▶ Task directions
Reproduce from the records below, with no pictures, exactly the lines between the one containing "Fig. 2. Typical" and the one containing "Springboro D.A.R.E. celebrated", inclusive.

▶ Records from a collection
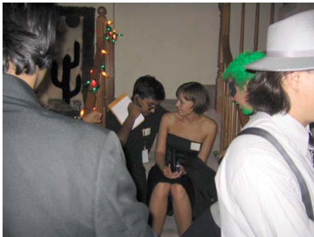
Security (Nightbrawler) checking Elect-Ra's ID.
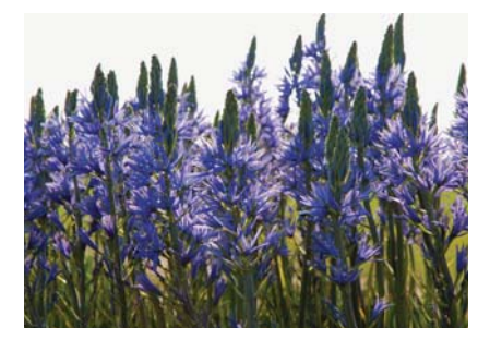
Camassia leichtlinii Caerulea
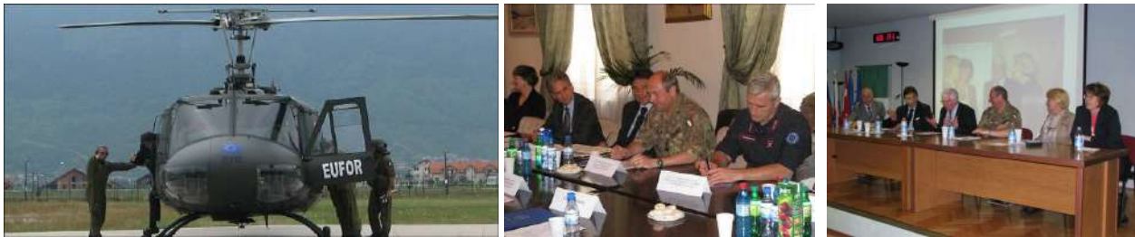
SARAJEVO - HQ EUFOR - RECTORATE UNIVERSITY Commander EURFOR with President AESI (left) With Rectors of Universities of Sarajevo and Belgrade (right)

If one of the basic challenges of the 21st Century is, undoubtedly, international peace and security in the light of the new world balance, there are problems today can only solved by collective action at global level: there is a new thinking on the way to approach global issues for a “global public goods”. New problems, new perceptions with specific solutions. This approaching strategy is a matter of culture as it is made not only of perfect knowledge of the theoretical elements of crisis management of humanitarian crises, but also of the capability to understanding the real comprehensive needs of these populations, theirs historical and cultural roots in order to give efficient answers, promoting the development even the first phases of the aid. For this reason, the international community must propose itself as a protagonist of a new strategy to intervene in crisis areas, a strategy based on a real and adequate foreign policy and on a common security policy. Such strategy must represent not only the expression of diplomatic, economic and military action, but also be able to set its roots in the common goal of development a strong humanitarian culture of solidarity capable of understanding providing quick and efficient answers in human and professional terms.
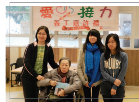
▲ 一本由青年人設計及編寫的長者人生回憶冊，成為了一個家庭生命延續的重要物。 The precious life story book, which was designed and compiled by the youth, became the important thing for life sustainability in one's family.

'Wisdom passed to future generation for sustainability; Love transfered to others for harmony'. Tsui Lam Day Care Centre for the Elderly adopted the concept of intergenerational communion and organised with the HKFYG LOHAS Youth S.P.O.T. for many intergenerational programmes, including 'Love · Relay' – production of elderly life story book, and 'Youth COOK'. Elders have rich life experience and wisdom. The youth volunteers conducted interviews, collected photos, and produced the life story books for the elders. This helped the passing of the elders' story to the next generation. While at the same time, with food as the media, the youth cooked the delicious food for the elders to make them feel gratifying. The programme also allowed the youth to have real experience in caring the elderly.
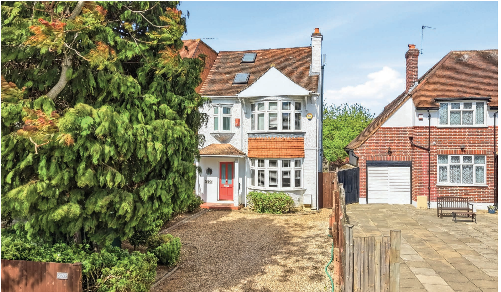
270 Coombe Lane West Wimbledon | SW20 0RW
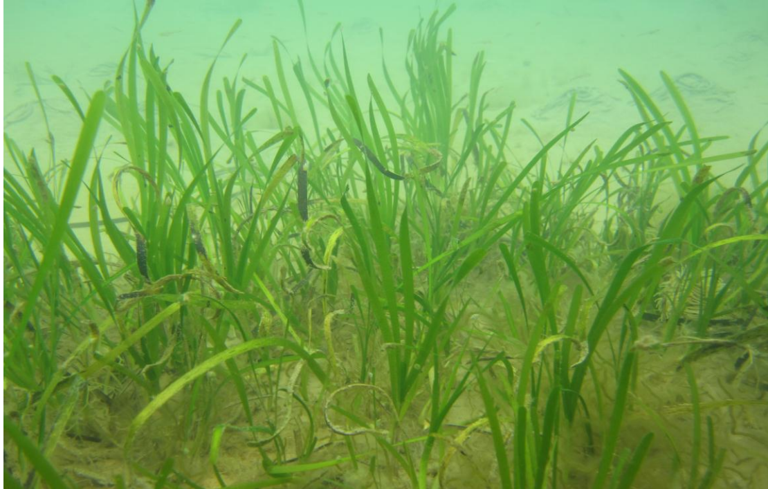
Fig. 2. Typical seagrass bed at Studland where the Spiny seahorses are found.

same day and dive session within a short period of time of each other by the same survey team working on the Studland Bay Tagging Project. This does not mean this was the date they returned from deeper water as they might have been there but not seen. However this site had been fully covered with survey teams a number of times. It is also known that seahorses move slowly over the seagrass meadow (known as transient animals) until they find a suitable site to set up a territory in. They are also known to move territories during the season should a disturbance happen making them feel unsafe in their territory.
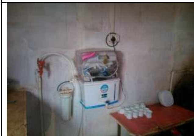
View of Drinking Water Facility
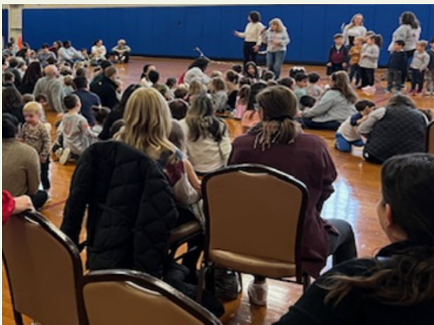
JCC SCOTCH PLAINS - GRANDPARENTS CIRCLE
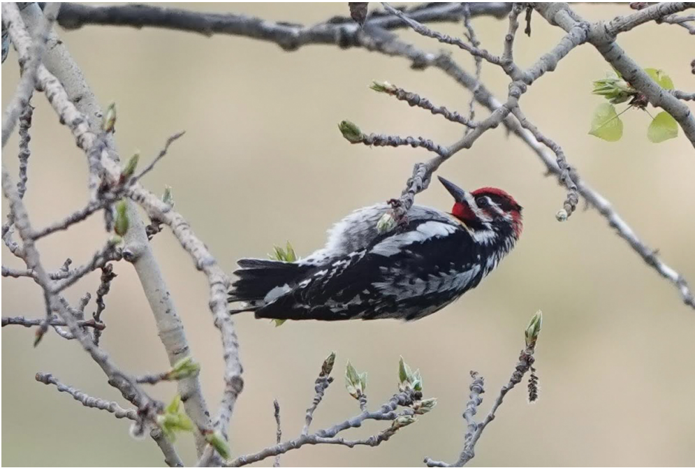
Red-naped Sapsucker

inner chickadee as it clung upside down to an aspen twig.
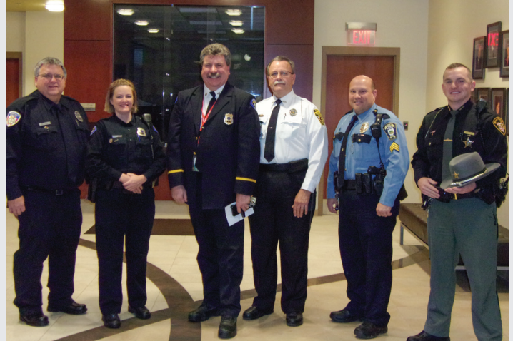
Springboro D.A.R.E. celebrated 25 years in 2017

COMMUNITY SAFETY Under the direction of Chief Jeff Kruithoff, our police department employs 26 officers in command, investigations and patrol, who are dedicated to the safety, security and welfare of our citizens and community. Our 17-hour per day communications center received approximately 16,500 calls for service in 2017 compared to 15,400 in 2016. Our police department also provides a neighborhood crime prevention program and participates in regional law enforcement such as the Warren County Drug Task Force and Miami Valley Tactical Crime Suppression Unit to aid in investigations and policing, and shares costs for specialized services, equipment and training across agencies. Our police officers also work in partnership with the community by meeting with residents to address questions and concerns regarding community safety. This past year, officers responded to traffic concerns in neighborhoods surrounding

▶ Task answer
Fig. 2. Typical seagrass bed at Studland where the Spiny seahorses are found.

same day and dive session within a short period of time of each other by the same survey team working on the Studland Bay Tagging Project. This does not mean this was the date they returned from deeper water as they might have been there but not seen. However this site had been fully covered with survey teams a number of times. It is also known that seahorses move slowly over the seagrass meadow (known as transient animals) until they find a suitable site to set up a territory in. They are also known to move territories during the season should a disturbance happen making them feel unsafe in their territory.
View of Drinking Water Facility
JCC SCOTCH PLAINS - GRANDPARENTS CIRCLE
Red-naped Sapsucker

inner chickadee as it clung upside down to an aspen twig.
Springboro D.A.R.E. celebrated 25 years in 2017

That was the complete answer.